Task instructions - Only the lines below from the one with "A waffle textured" through the one with "Jednotka se nachází" are to be written out, exactly and without any images.

Stored dataset items -
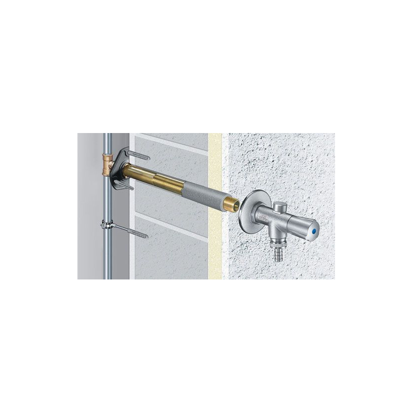 Stavební sada pro kompletní instalaci umožňuje montáž armatury již ve fázi hrubé stavby. Venkovní část se montuje po dokončení obvodové stěny. s obslužnou rukojetí s odnímatelným vrchním kohoutem volitelně s uzamykatelnou obslužnou rukojetí.
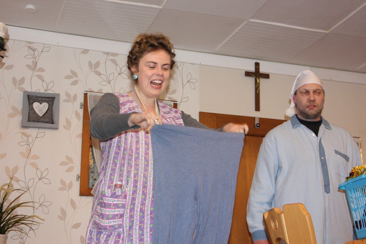 Zwei Engel in spe - davon ein ehemaliger Polizeibeamter in weißer Feinrippunterhose - die schrullige „Himbeer Resi“ und die hinterlistigen wie geldgeilen Verwandten namens „Froschmeier“ waren nur einige der urigen Charaktere eines äußerst lustigen Theaterstücks, mit dem die Theaterfreunde aus aus Großgundertshausen zu einem Frontalangriff aus die Lachmuskeln des Publikums ausholten. Dementsprechend viel Applaus gab es für „Da Himme wart ned“.
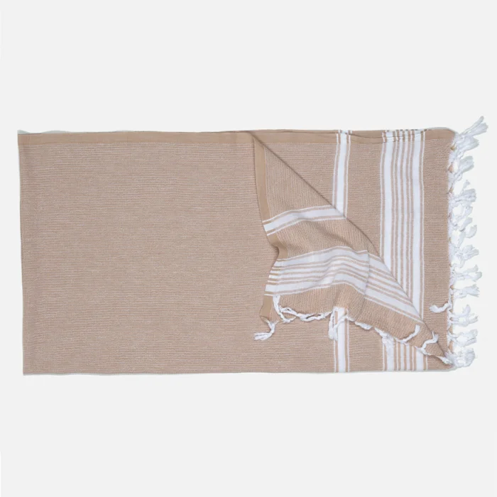 A waffle textured peshtemal ,simple, soft ,super lightweight but very water absorbent. Tasseled and have stripes on the ends.
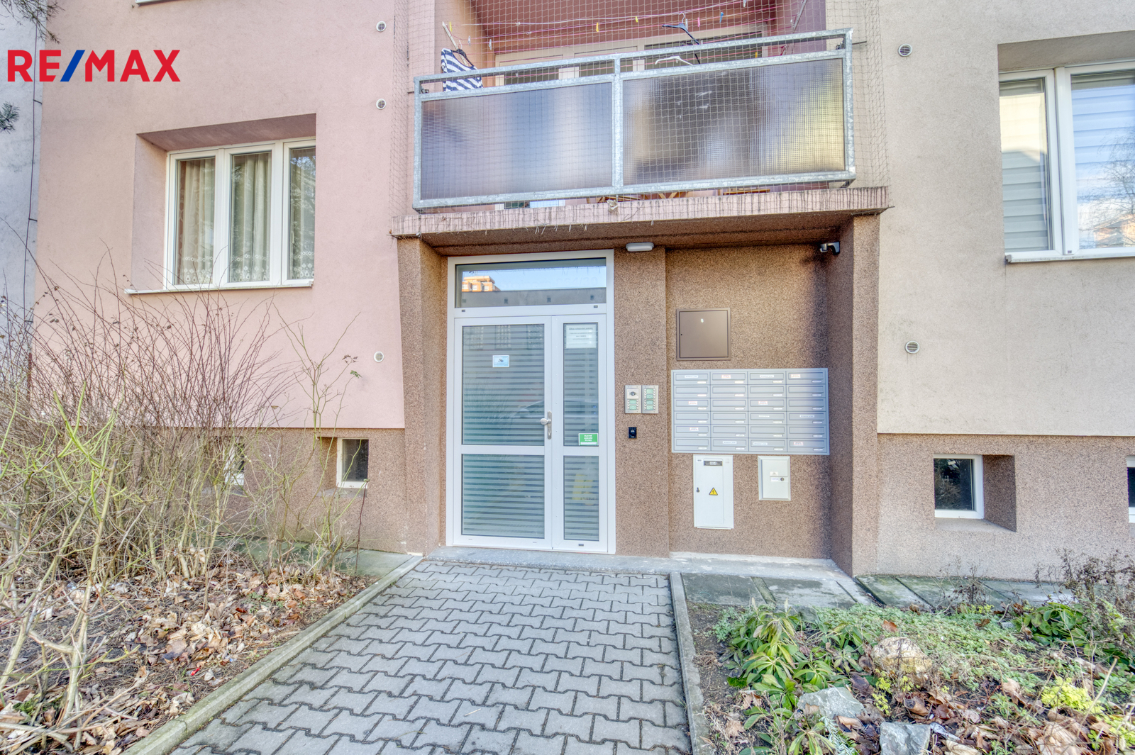 Jednotka se nachází ve vyvýšeném přízemí v části domu, kde pod okny neprochází chodník, což zajišťuje dostatek soukromí.
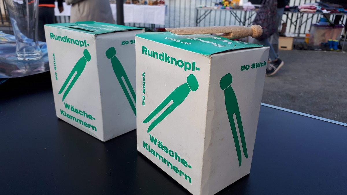 „Wenn das so weiter geht, ziehen sich die Stände bald bis auf die andere Seite des Weihers“, vermutet Guido, der an seinem Stand wunderschöne Retro-Alltagsgegenstände anbietet, zum Beispiel eine Kaffeemühle oder Edeka-Sammelbilder aus den 60ern. Auf besonders großes Interesse stoßen die Rundkopf-Wäscheklammern – die Schachtel noch mit einem Preisetikett von 2,75 DM ausgezeichnet.
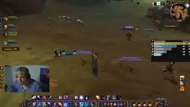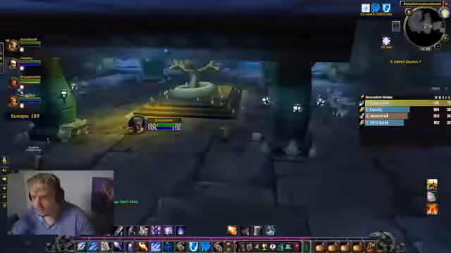 04:00:34Zu Beginn des Streamings befindet sich der Streamer in einem Dungeon und führt seine Gruppe durch das Spiel. Er interagiert intensiv mit dem Chat, erkundigt sich nach Items und kritisiert sein eigenes Spielverhalten. So fragt er nach Wurfraffen und stellt fest, dass seine Addons, wie Leertricks Plus, bestimmte Spielzüge blockiert. Auch beschreibt er die Herausforderungen als Krieger-Tank, besonders die fehlende Wut-Ressource bei Bosskämpfen, was die agro-Generierung erschwert.

Your response -
 A waffle textured peshtemal ,simple, soft ,super lightweight but very water absorbent. Tasseled and have stripes on the ends.
 Jednotka se nachází ve vyvýšeném přízemí v části domu, kde pod okny neprochází chodník, což zajišťuje dostatek soukromí.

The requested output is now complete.